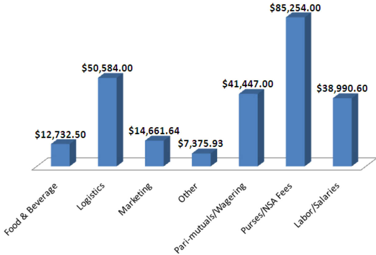
2010 Fair Hill Races Expenses Paid by Union Hospital

Despite the wagering opportunity, Union Hospital derives a very small financial benefit from conducting the Fair Hill Races. The operational costs to run the 2010 Races totaled $251,045.67 , and this year's revenue was $267,584 . Despite a small return on investment, the Foundation and Cecil County Breeders' Fair continue the tradition of steeplechase racing at Fair Hill for the pleasure and enjoyment of all. The 2010 Fair Hill Races raised a total of $16,538.33 that will be used for the Union Hospital Cancer Center.
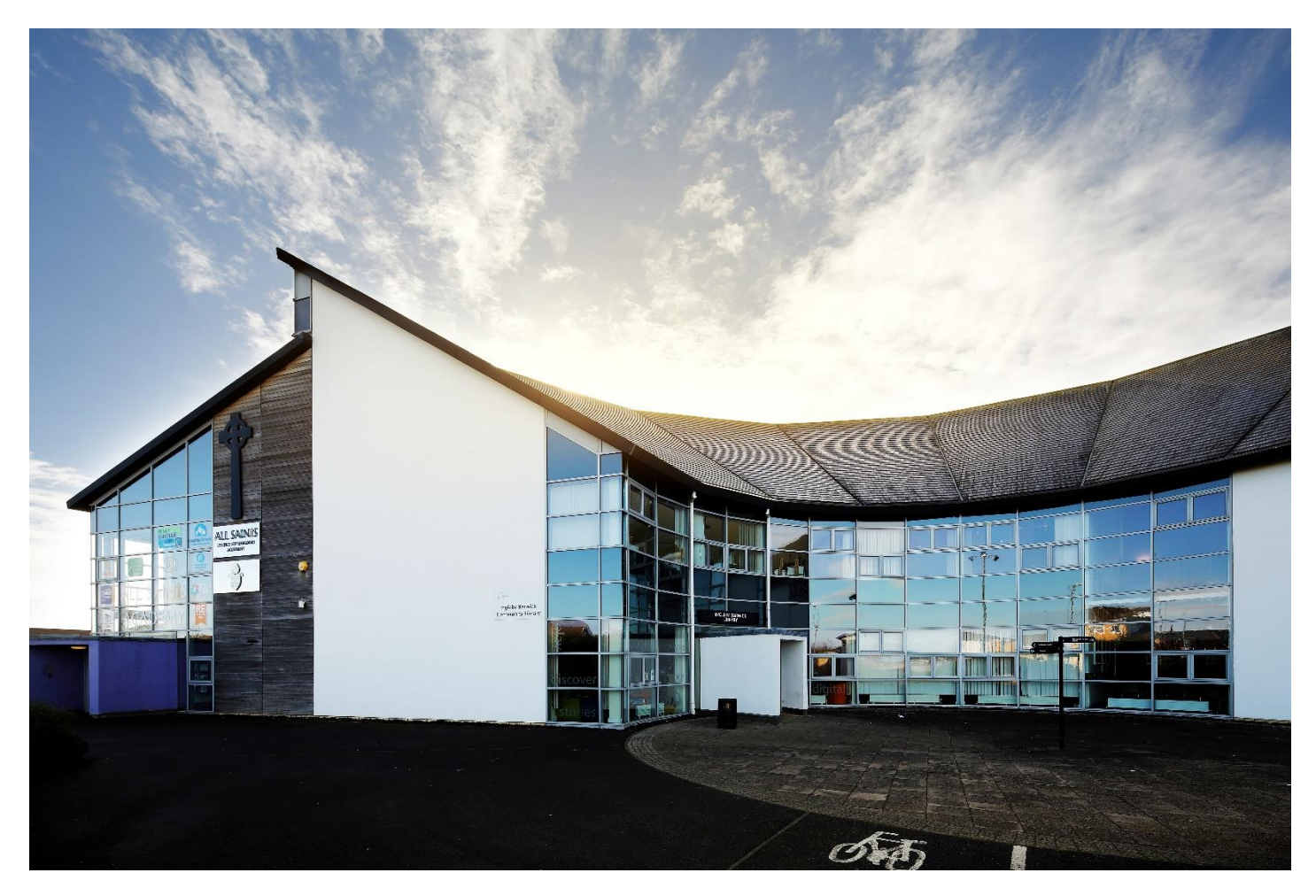
Every Child Matters Equally to God

The school converted to academy status in May 2013 and then formed the Dales Academy Trust in September 2017. The academy is oversubscribed in each of its year groups. Governors agreed to raise the admission number to 150 in September 2015 to meet the demand for more places in the school. This has been revised further to allow for expansion to a net capacity of 900, commencing September 2019.
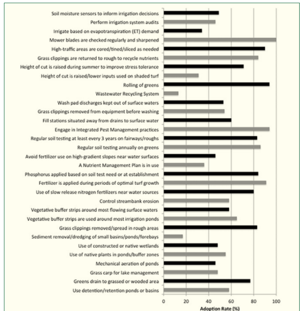
Figure 1. Adoption rate of selected golf course Best Management Practices for optimal turfgrass growth, nutrient management, and water quality protection.

Overall, the management of golf courses in Virginia appears to be environmentally focused and many BMPs are being used to grow high quality turfgrass while protecting natural resources. Furthermore, 30% of golf courses surveyed are currently members of the Audubon Cooperative Sanctuary Program for Golf, and 58% of courses either plan to obtain certification, or are considering doing so. As the deadline for the mandated NMPs near, we expect the adoption rate of BMPs to increase. Nutrient Management Plans will highlight the risk areas that are specific to individual golf courses, and will allow superintendents to make more targeted, effective BMP implementation when needed.
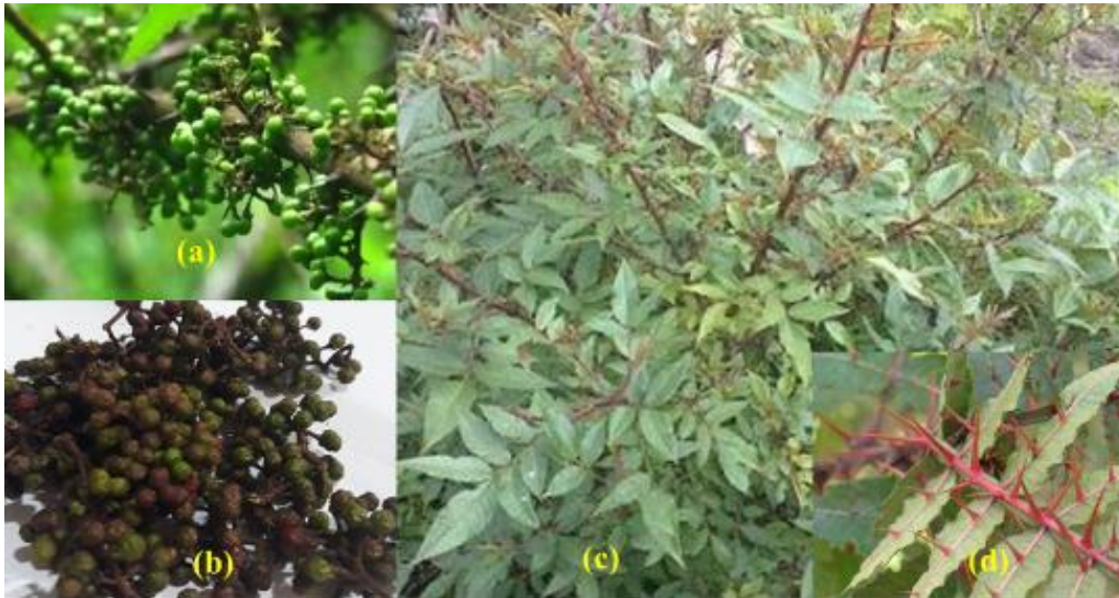
Figure 3. Morphological characters of andaliman: (a) young fruit; (b) ripe fruits; (c) crown and leaves; and (d) spines on the leaves
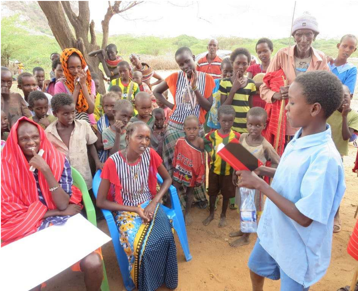
Morals and values are discussed in a Time Travel in Ngurunit, Kenya. Shall we keep the traditions on gender and circumcision?

● **TRY IT**:
Set down every line of the entries above again, exactly as written, but not the pictures.

● **SOLUTION BELOW**:
2010 Fair Hill Races Expenses Paid by Union Hospital

Despite the wagering opportunity, Union Hospital derives a very small financial benefit from conducting the Fair Hill Races. The operational costs to run the 2010 Races totaled $251,045.67 , and this year's revenue was $267,584 . Despite a small return on investment, the Foundation and Cecil County Breeders' Fair continue the tradition of steeplechase racing at Fair Hill for the pleasure and enjoyment of all. The 2010 Fair Hill Races raised a total of $16,538.33 that will be used for the Union Hospital Cancer Center.
Every Child Matters Equally to God

The school converted to academy status in May 2013 and then formed the Dales Academy Trust in September 2017. The academy is oversubscribed in each of its year groups. Governors agreed to raise the admission number to 150 in September 2015 to meet the demand for more places in the school. This has been revised further to allow for expansion to a net capacity of 900, commencing September 2019.
Figure 1. Adoption rate of selected golf course Best Management Practices for optimal turfgrass growth, nutrient management, and water quality protection.

Overall, the management of golf courses in Virginia appears to be environmentally focused and many BMPs are being used to grow high quality turfgrass while protecting natural resources. Furthermore, 30% of golf courses surveyed are currently members of the Audubon Cooperative Sanctuary Program for Golf, and 58% of courses either plan to obtain certification, or are considering doing so. As the deadline for the mandated NMPs near, we expect the adoption rate of BMPs to increase. Nutrient Management Plans will highlight the risk areas that are specific to individual golf courses, and will allow superintendents to make more targeted, effective BMP implementation when needed.
Figure 3. Morphological characters of andaliman: (a) young fruit; (b) ripe fruits; (c) crown and leaves; and (d) spines on the leaves
Morals and values are discussed in a Time Travel in Ngurunit, Kenya. Shall we keep the traditions on gender and circumcision?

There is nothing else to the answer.